Items listed in a dataset:
★ ★ ★ ★ ★ ★ ★
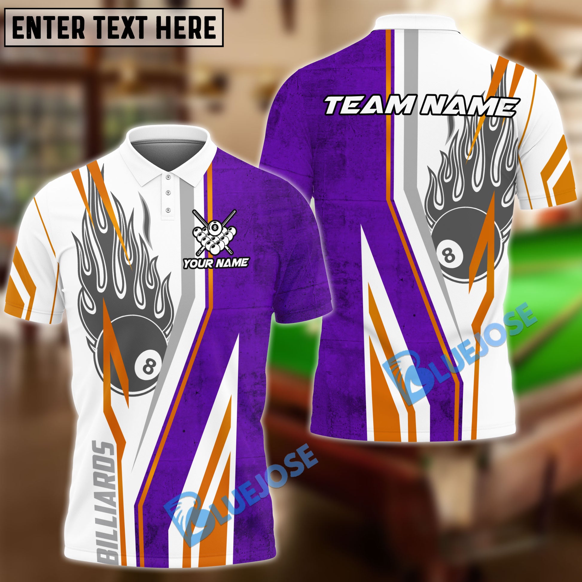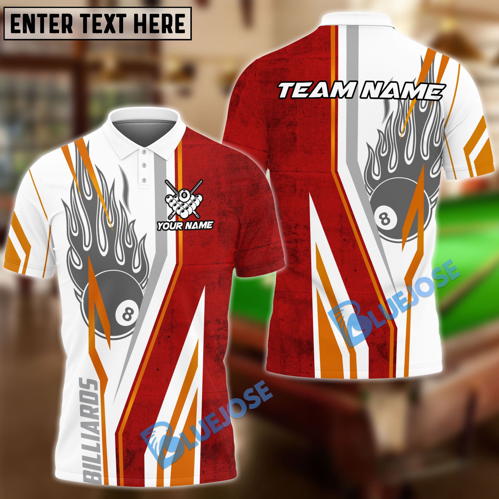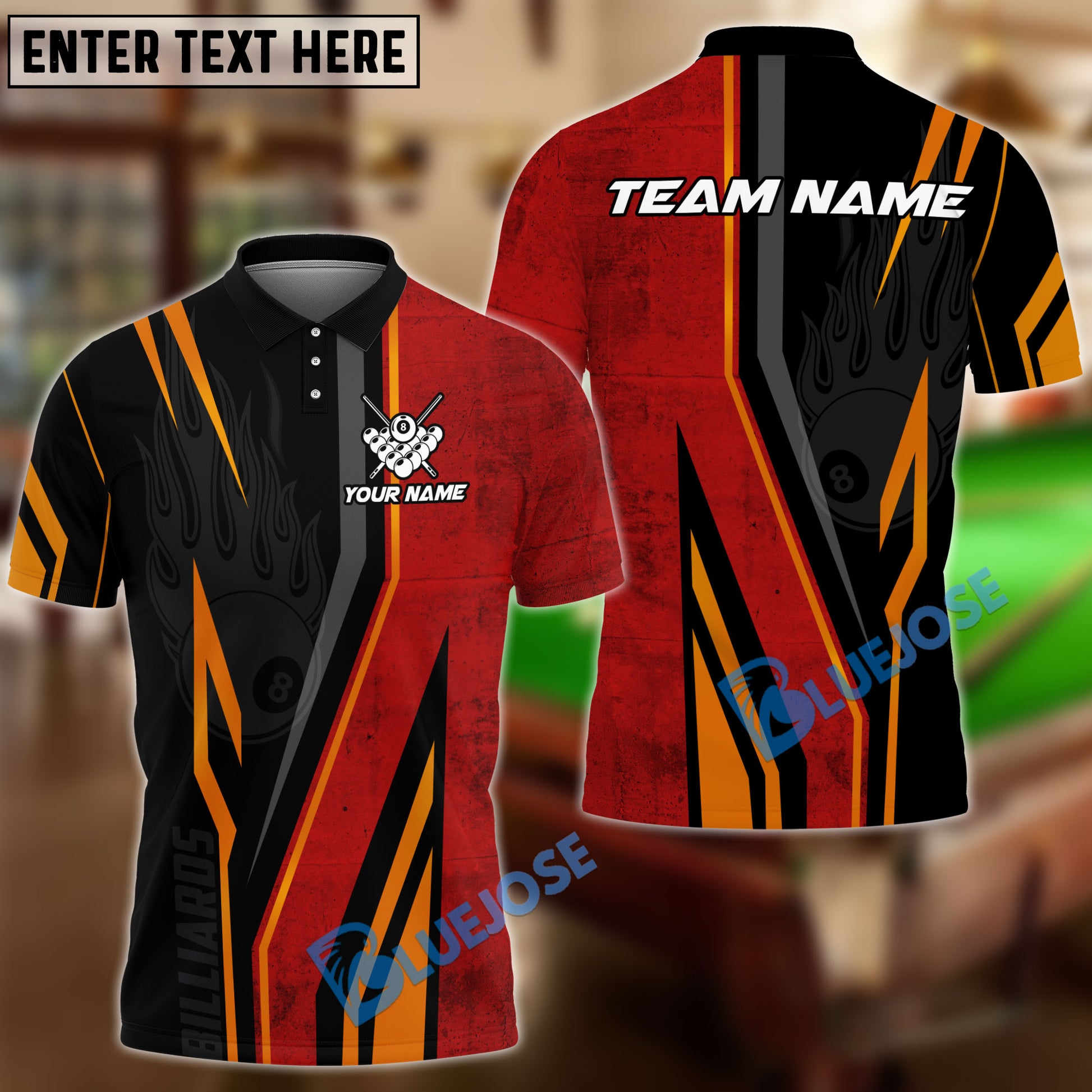 BlueJose Billiards Ball 8 Flaming Victory Personalized Name & Team Name Shirt (6 Colors)
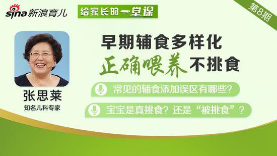 近日,知名儿科专家张思莱医师,做客新浪育儿《给家长的一堂课》栏目,为大家答疑解惑。宝宝早期辅食多样应该如何做?宝宝偏食挑食的行为该如何纠正?一起来听听张思莱教授的观点!<<点击观看完整视频>>
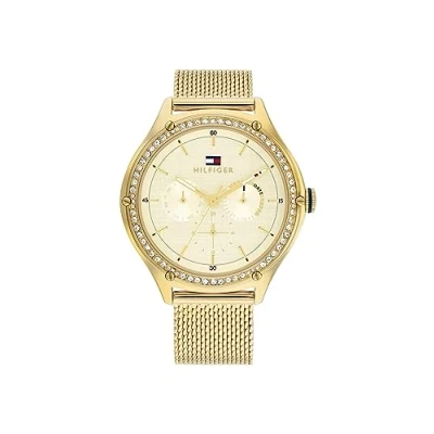 Tommy Hilfiger Analogue Multifunction Quartz Watch for Women with Gold Colored Stainless Steel Mesh Bracelet 1782655
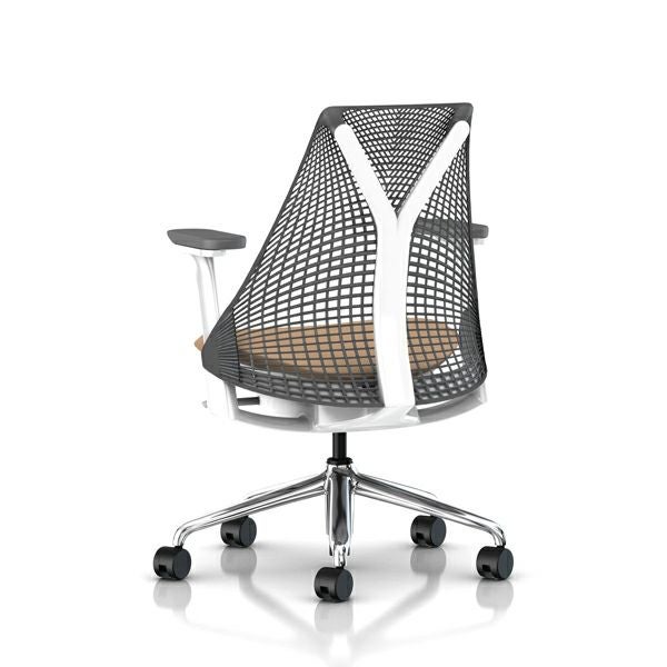 セイルチェア セイルチェア アーム:フルアジャスタブルアーム/サポートオプション:ランバーサポートなし/ベース&フレーム:ポリシュッドベース、ホワイトフレーム/サスペンションフィニッシュ:スレートグレー/アームフィニッシュ:スレートグレー/張地:ファブリック(ゼン:オートミール)
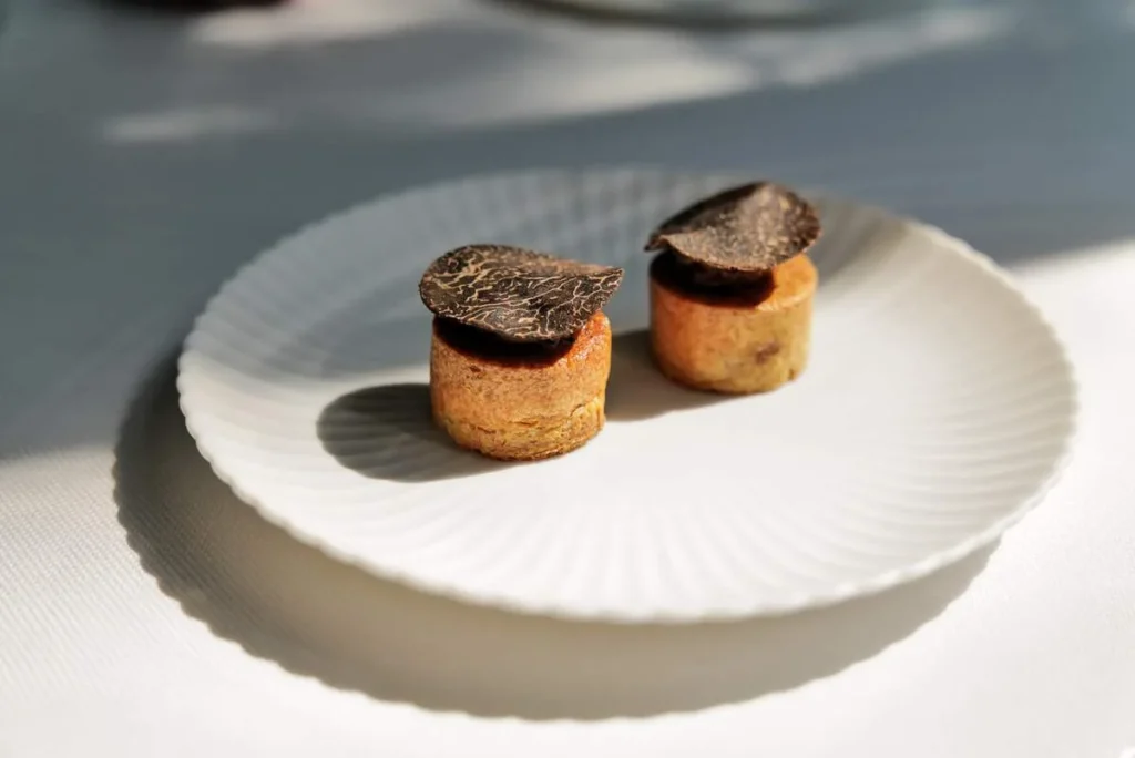 Zwiebelkuchen: løkterte med trøffel. Jeg har en leveregel: Det er aldri feil med trøffel og det skal vise seg å komme mer av dette.
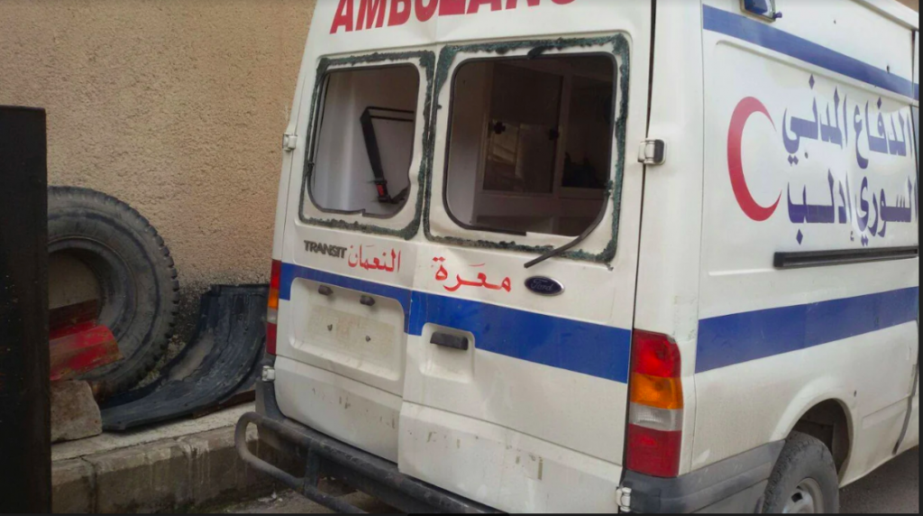 Mohamad Thakara, head of a local civil defence team which went to the shelling location, told the Network: “When we arrived there, the grove was burning and we put [the fire] down. We also collected bomb remnants… Later, Russian warplanes targeted the region with rockets thought to be vacuum rockets and targeted the olive presser, the nearby square and the bakery. We pulled out victims’ bodies from under the rubble and transported injured people. During that time we were shelled again and two members of our team were injured, and our ambulance was damaged. I took my teammates, the rest of the injured people and the victims to the hospital. The shelling caused great destruction to the agricultural lands and civilians’ cars. The Russian warplanes conducted more than 9 airstrikes on a purely civilian region. They did not only target civilians but civil defense members as well”
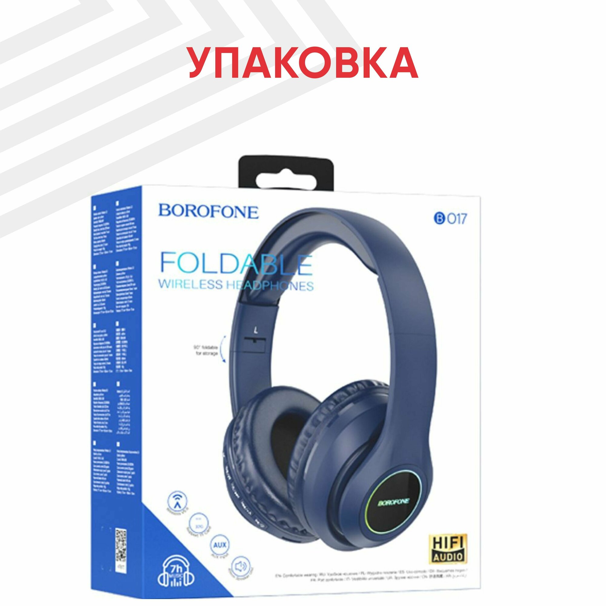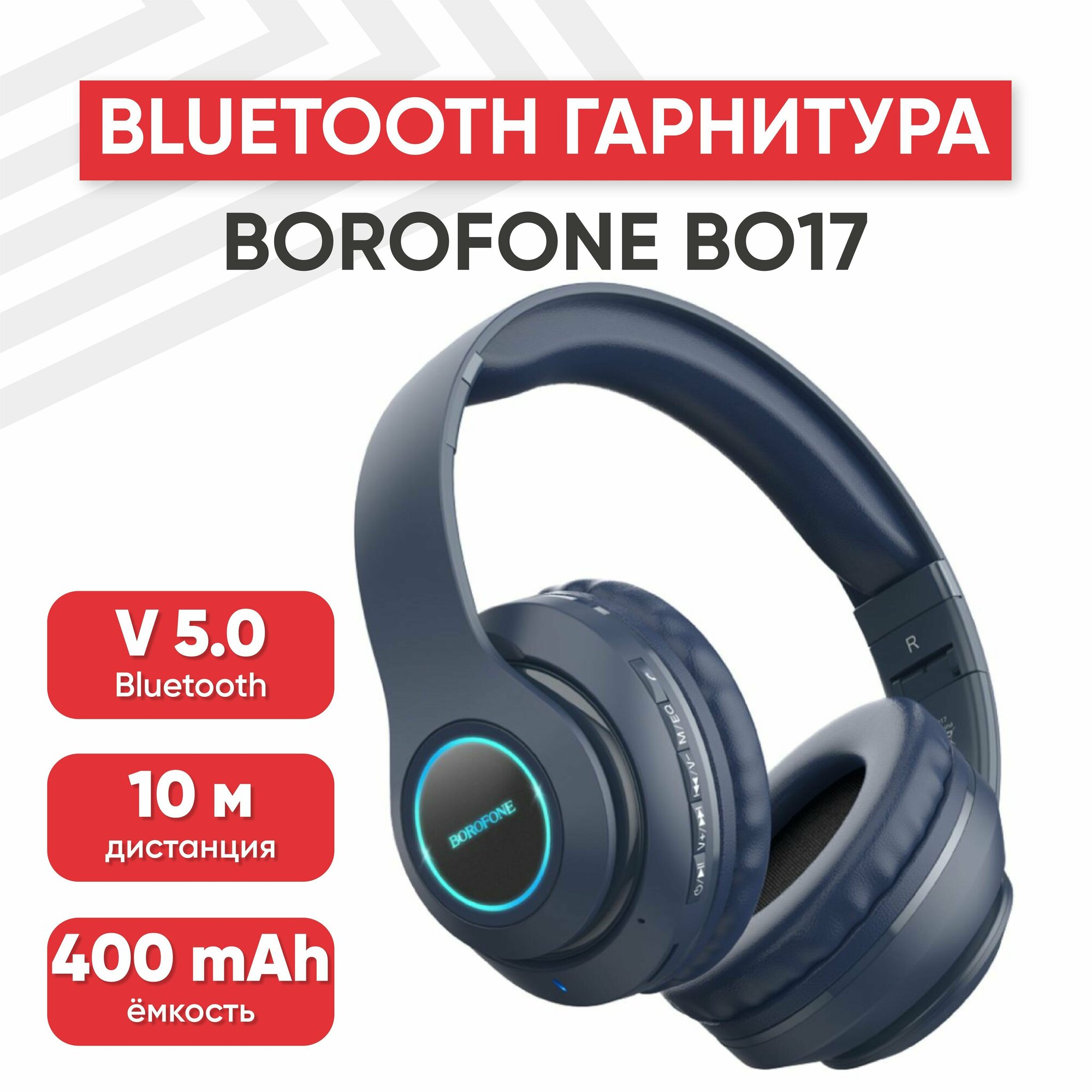 Купить Bluetooth гарнитура Borofone BO17, BT 5.0, AUX, 400мАч, MicroSD, накладные, синий с доставкой по всей России.
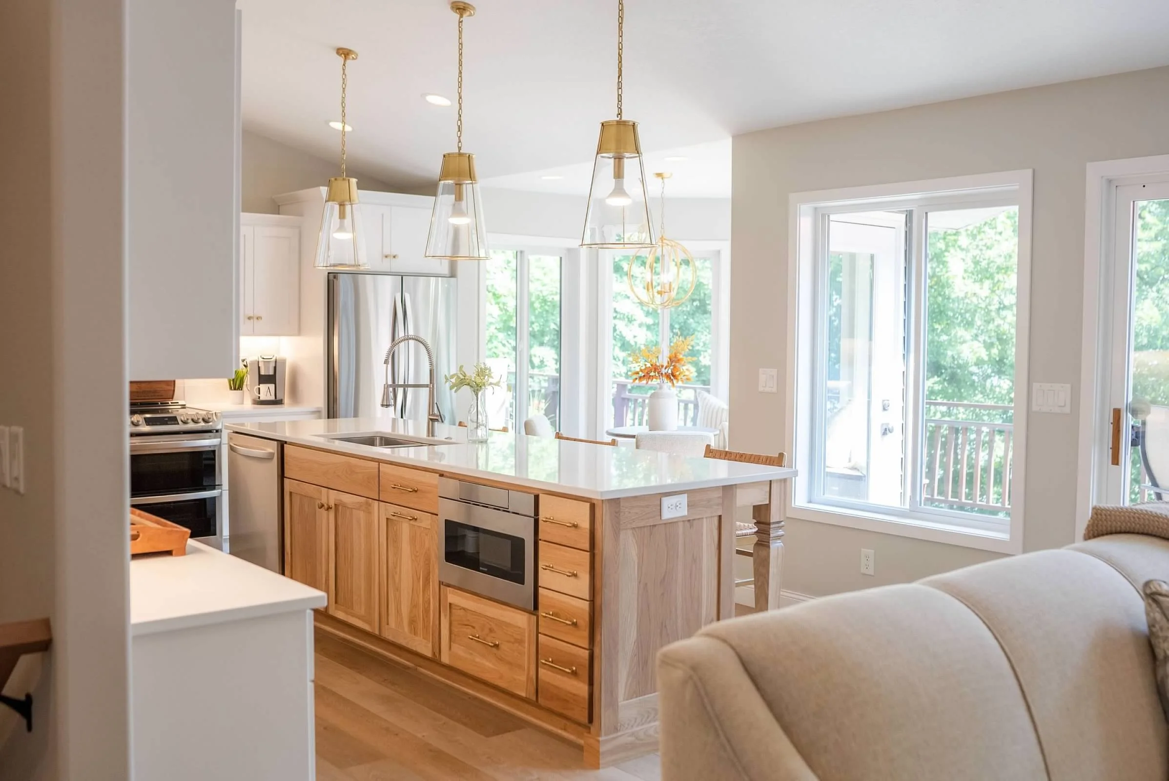 This main level renovation included updating flooring, millwork, railing, ceiling and wall paint. In addition, we incorporated several new built-ins and added a beautiful fireplace. The kitchen blends old and new cabinets with fresh paint and hardware.
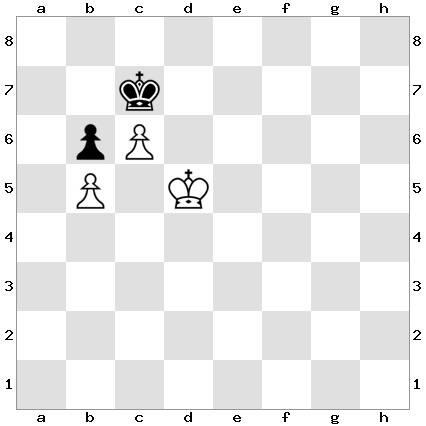 Чтобы выиграть, белым необходимо: пожертвовать свою пешку c6, занять критическое поле пешки b6 (d6 или c6) и уничтожить ее, занять критическое поле пешки b5 и провести ее в ферзи.
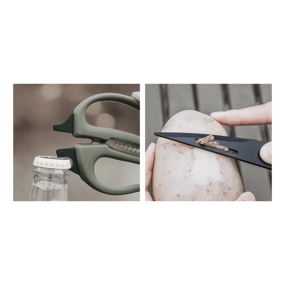 - Ножиці зі сталі 3Cr13 з поліпропіленовим руківʼям (PP). Ножиці мають швидкознімний механізм і відрізняються універсальністю: вони підходять і для обробки продуктів, і для розкриття паковань.
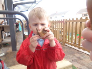 A child in the orange group showed a keen interest in bugs and insects while outdoors, this child then found a big green Caterpillar while outside which sparked conversation and interest throughout the nursery around caterpillars and how they transform into butterflies.
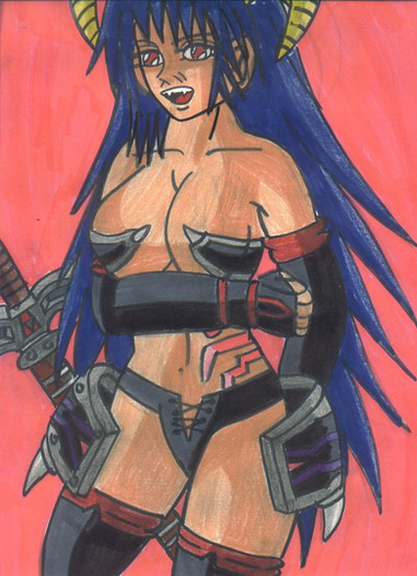 ya veo si lleva poca armadura XDD pero en fin, es lo k le pega a las chicas demonio xDDD espada grande y pokita ropa >_> XD
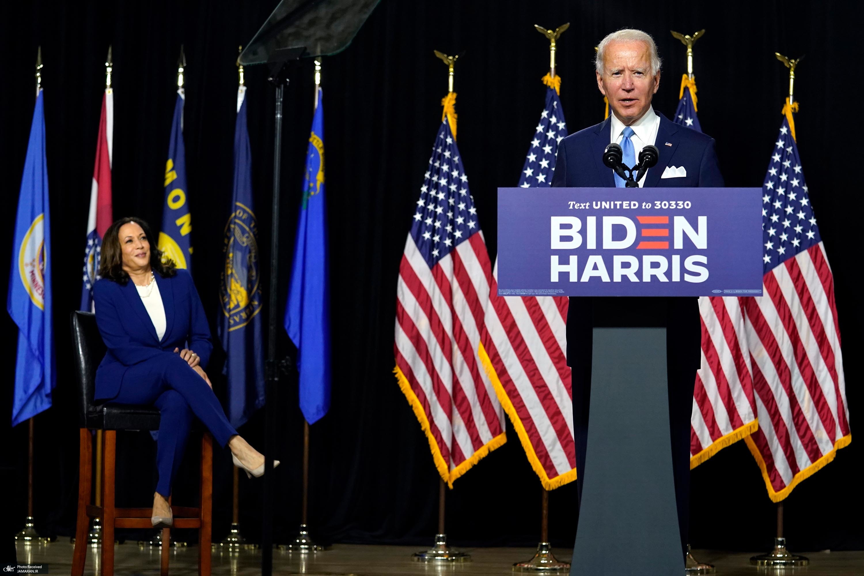 کاندیدای دموکرات ها در انتخابات ریاست جمهوری آمریکا و یار انتخاباتی وی در نخستین نشست مطبوعاتی مشترک خود در مدرسه ای در ایالت «دلاور» حاضر شدند.
★ ★ ★ ★ ★ ★ ★
▶ [EXERCISE DETAILS] This exercise needs every entry retyped exactly, with the pictures removed.

▶ [SOLUTION FOR THIS PROBLEM]
 BlueJose Billiards Ball 8 Flaming Victory Personalized Name & Team Name Shirt (6 Colors)
 近日,知名儿科专家张思莱医师,做客新浪育儿《给家长的一堂课》栏目,为大家答疑解惑。宝宝早期辅食多样应该如何做?宝宝偏食挑食的行为该如何纠正?一起来听听张思莱教授的观点!<<点击观看完整视频>>
 Tommy Hilfiger Analogue Multifunction Quartz Watch for Women with Gold Colored Stainless Steel Mesh Bracelet 1782655
 セイルチェア セイルチェア アーム:フルアジャスタブルアーム/サポートオプション:ランバーサポートなし/ベース&フレーム:ポリシュッドベース、ホワイトフレーム/サスペンションフィニッシュ:スレートグレー/アームフィニッシュ:スレートグレー/張地:ファブリック(ゼン:オートミール)
 Zwiebelkuchen: løkterte med trøffel. Jeg har en leveregel: Det er aldri feil med trøffel og det skal vise seg å komme mer av dette.
 Mohamad Thakara, head of a local civil defence team which went to the shelling location, told the Network: “When we arrived there, the grove was burning and we put [the fire] down. We also collected bomb remnants… Later, Russian warplanes targeted the region with rockets thought to be vacuum rockets and targeted the olive presser, the nearby square and the bakery. We pulled out victims’ bodies from under the rubble and transported injured people. During that time we were shelled again and two members of our team were injured, and our ambulance was damaged. I took my teammates, the rest of the injured people and the victims to the hospital. The shelling caused great destruction to the agricultural lands and civilians’ cars. The Russian warplanes conducted more than 9 airstrikes on a purely civilian region. They did not only target civilians but civil defense members as well”
 Купить Bluetooth гарнитура Borofone BO17, BT 5.0, AUX, 400мАч, MicroSD, накладные, синий с доставкой по всей России.
 This main level renovation included updating flooring, millwork, railing, ceiling and wall paint. In addition, we incorporated several new built-ins and added a beautiful fireplace. The kitchen blends old and new cabinets with fresh paint and hardware.
 Чтобы выиграть, белым необходимо: пожертвовать свою пешку c6, занять критическое поле пешки b6 (d6 или c6) и уничтожить ее, занять критическое поле пешки b5 и провести ее в ферзи.
 - Ножиці зі сталі 3Cr13 з поліпропіленовим руківʼям (PP). Ножиці мають швидкознімний механізм і відрізняються універсальністю: вони підходять і для обробки продуктів, і для розкриття паковань.
 A child in the orange group showed a keen interest in bugs and insects while outdoors, this child then found a big green Caterpillar while outside which sparked conversation and interest throughout the nursery around caterpillars and how they transform into butterflies.
 ya veo si lleva poca armadura XDD pero en fin, es lo k le pega a las chicas demonio xDDD espada grande y pokita ropa >_> XD
 کاندیدای دموکرات ها در انتخابات ریاست جمهوری آمریکا و یار انتخاباتی وی در نخستین نشست مطبوعاتی مشترک خود در مدرسه ای در ایالت «دلاور» حاضر شدند.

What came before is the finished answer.